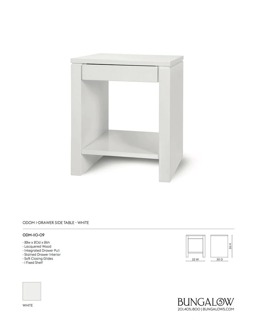 The Odom 1 Drawer Side Table in White from Bungalow 5 is polished, spare and modern. Considered details include a floating top and pretty reveals. Sophisticated shelves, drawers and a chunky leg offer a unique take on the basic side table. The Odom is the perfect accent table for a sleek modern living room or study.
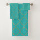 Toallas con patrón de cuatro hojas en azul verdoso y dorado.
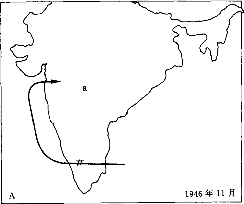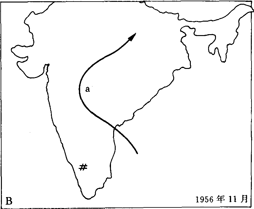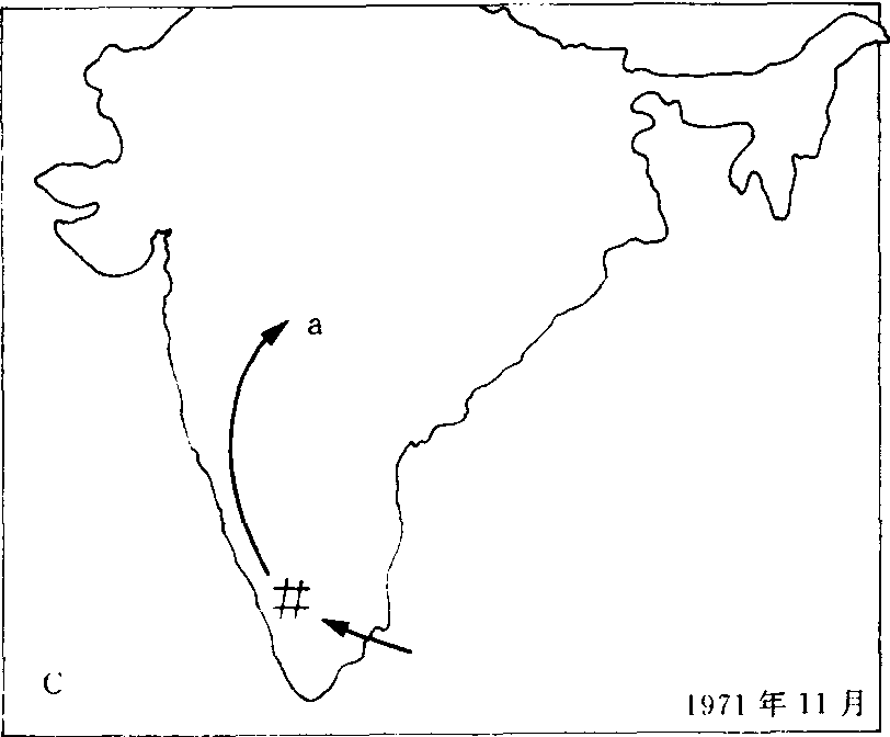 图2 印度南部小麦秆锈病远程传播示意图 A、B、C图示意在高山上越夏的秆锈菌在11月随掠过山区以弧线北移的气团,被远传至北方平原的过程。 #示尼尔吉瑞斯山;a示北方平原麦区 (据Nagarajan,1975,简化)
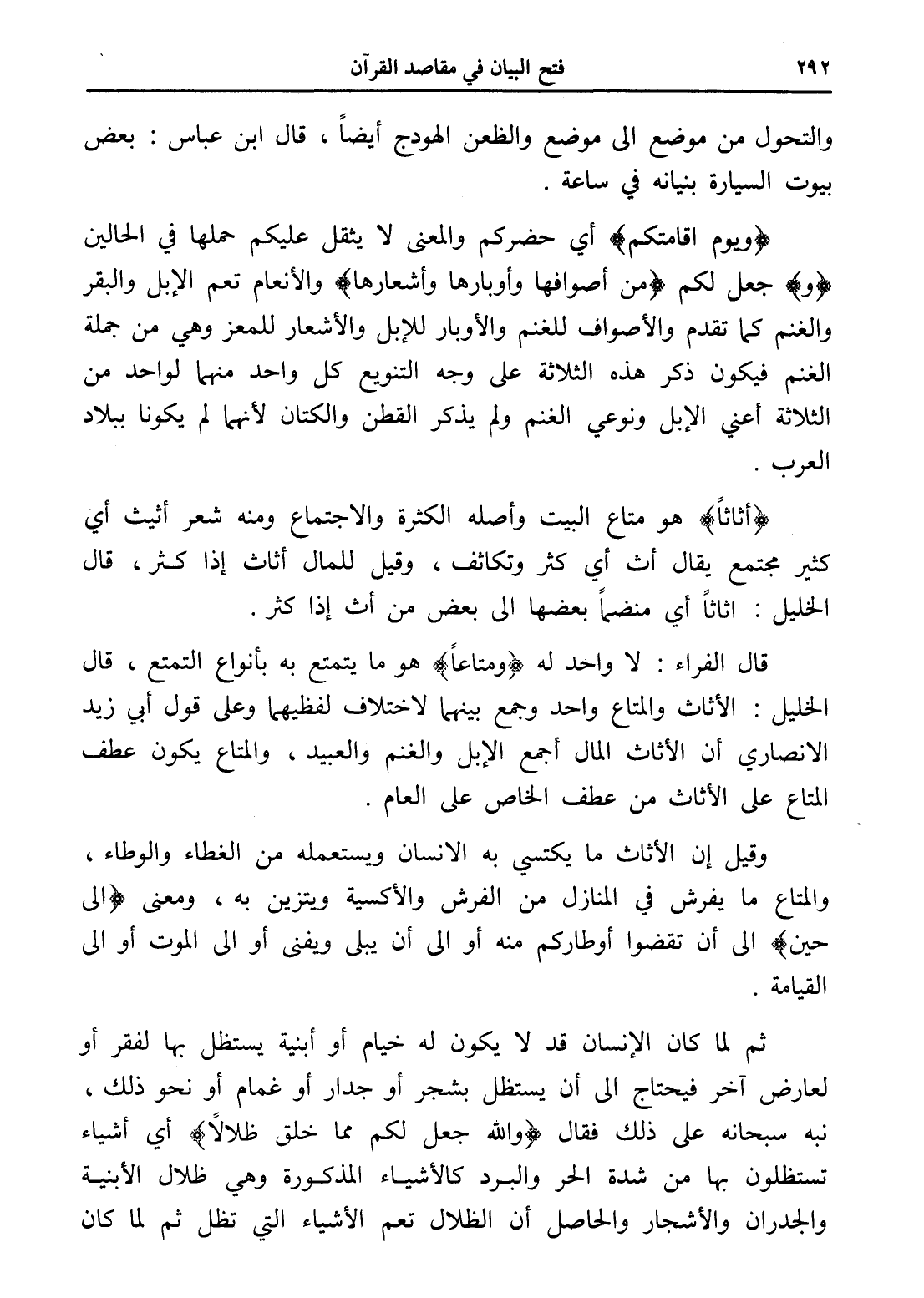 وقيل أن الأثاث ما يكتسي به الإنسان ويستعمله من الغطاء والوطاء، والمتاع ما يفرش في المنازل من الفرش والأكسية ويتزين به، ومعنى (إلى حين) إلى أن تقضوا أوطاركم منه أو إلى أن يبلى ويفنى أو إلى الموت أو إلى القيامة.
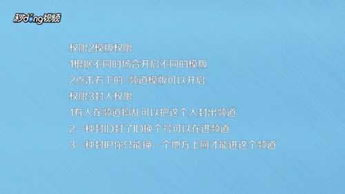 - 3封人权限,有人在频道拆台侵扰频道,黄马办理员就有权限把这小我封出频道,封人分2种:一种封ID封了ID换个号可以在进频道,一种封IP,IP被封就说只能换一个处所,上网才能进这个频道。
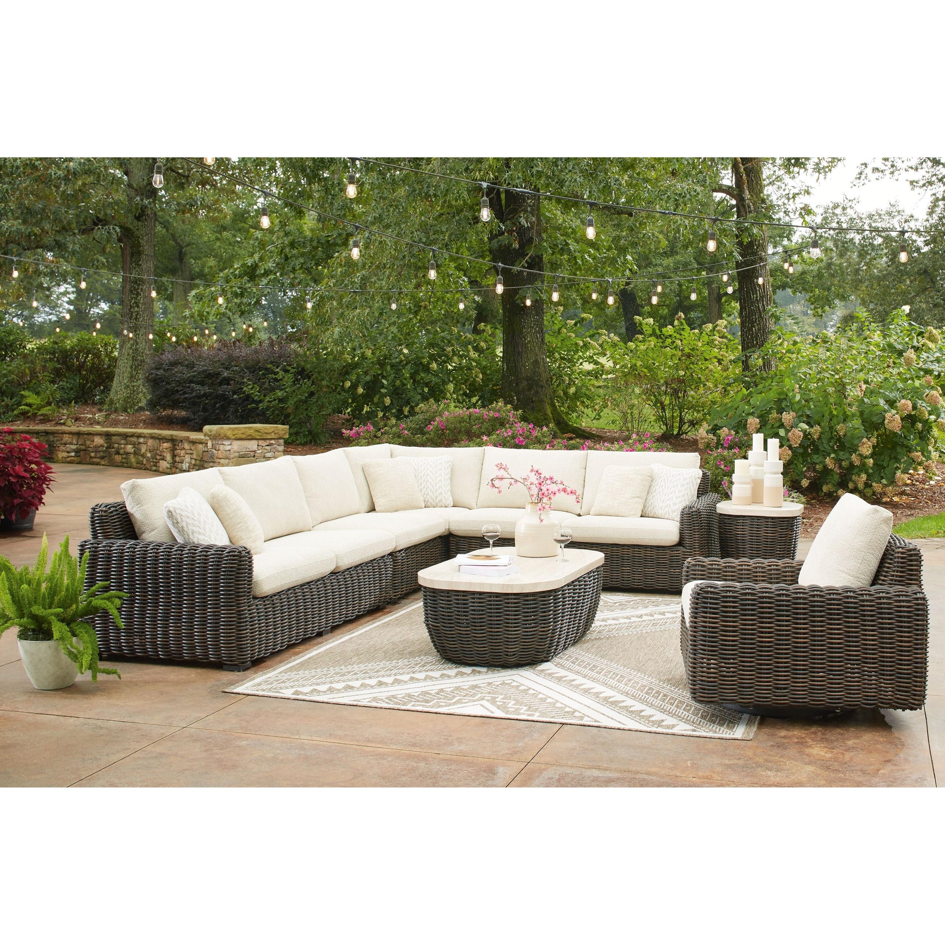 Add luxury, comfort and durability to alfresco fun. The Kimora outdoor furniture package captures the textural beauty of wicker while withstanding the elements, from rain to shine. With a UV-resistant design, the wonderfully low-maintenance Nuvella+™ fabric maintains its good looks over time. Deep, roomy seating completes the set, offering ample space to sprawl out.
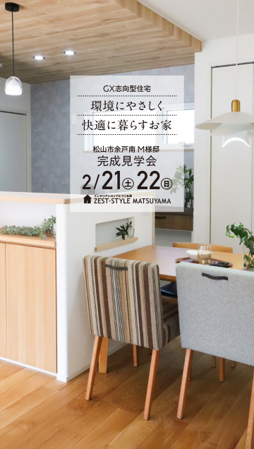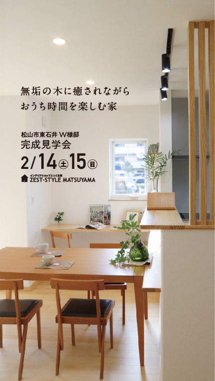 2026年2月14日(土)・15日(日) 松山市東石井にて「 無垢の木に癒される おうち時間を楽しめる家」完成見学会を開催します! [見どころポイント] ■多様的に使える畳コーナーも、家族がゆったりと過ごせるLDK ■足 […]
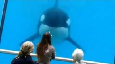 Wieloryb gra z gościem w akwarium SeaWorld Orlando.

■ ■ ■ ■

_Task objective_. Set down all of the material word for word, but keep each picture out.

_Reply_.
 The Odom 1 Drawer Side Table in White from Bungalow 5 is polished, spare and modern. Considered details include a floating top and pretty reveals. Sophisticated shelves, drawers and a chunky leg offer a unique take on the basic side table. The Odom is the perfect accent table for a sleek modern living room or study.
 Toallas con patrón de cuatro hojas en azul verdoso y dorado.
 图2 印度南部小麦秆锈病远程传播示意图 A、B、C图示意在高山上越夏的秆锈菌在11月随掠过山区以弧线北移的气团,被远传至北方平原的过程。 #示尼尔吉瑞斯山;a示北方平原麦区 (据Nagarajan,1975,简化)
 وقيل أن الأثاث ما يكتسي به الإنسان ويستعمله من الغطاء والوطاء، والمتاع ما يفرش في المنازل من الفرش والأكسية ويتزين به، ومعنى (إلى حين) إلى أن تقضوا أوطاركم منه أو إلى أن يبلى ويفنى أو إلى الموت أو إلى القيامة.
 - 3封人权限,有人在频道拆台侵扰频道,黄马办理员就有权限把这小我封出频道,封人分2种:一种封ID封了ID换个号可以在进频道,一种封IP,IP被封就说只能换一个处所,上网才能进这个频道。
 Add luxury, comfort and durability to alfresco fun. The Kimora outdoor furniture package captures the textural beauty of wicker while withstanding the elements, from rain to shine. With a UV-resistant design, the wonderfully low-maintenance Nuvella+™ fabric maintains its good looks over time. Deep, roomy seating completes the set, offering ample space to sprawl out.
 2026年2月14日(土)・15日(日) 松山市東石井にて「 無垢の木に癒される おうち時間を楽しめる家」完成見学会を開催します! [見どころポイント] ■多様的に使える畳コーナーも、家族がゆったりと過ごせるLDK ■足 […]
 Wieloryb gra z gościem w akwarium SeaWorld Orlando.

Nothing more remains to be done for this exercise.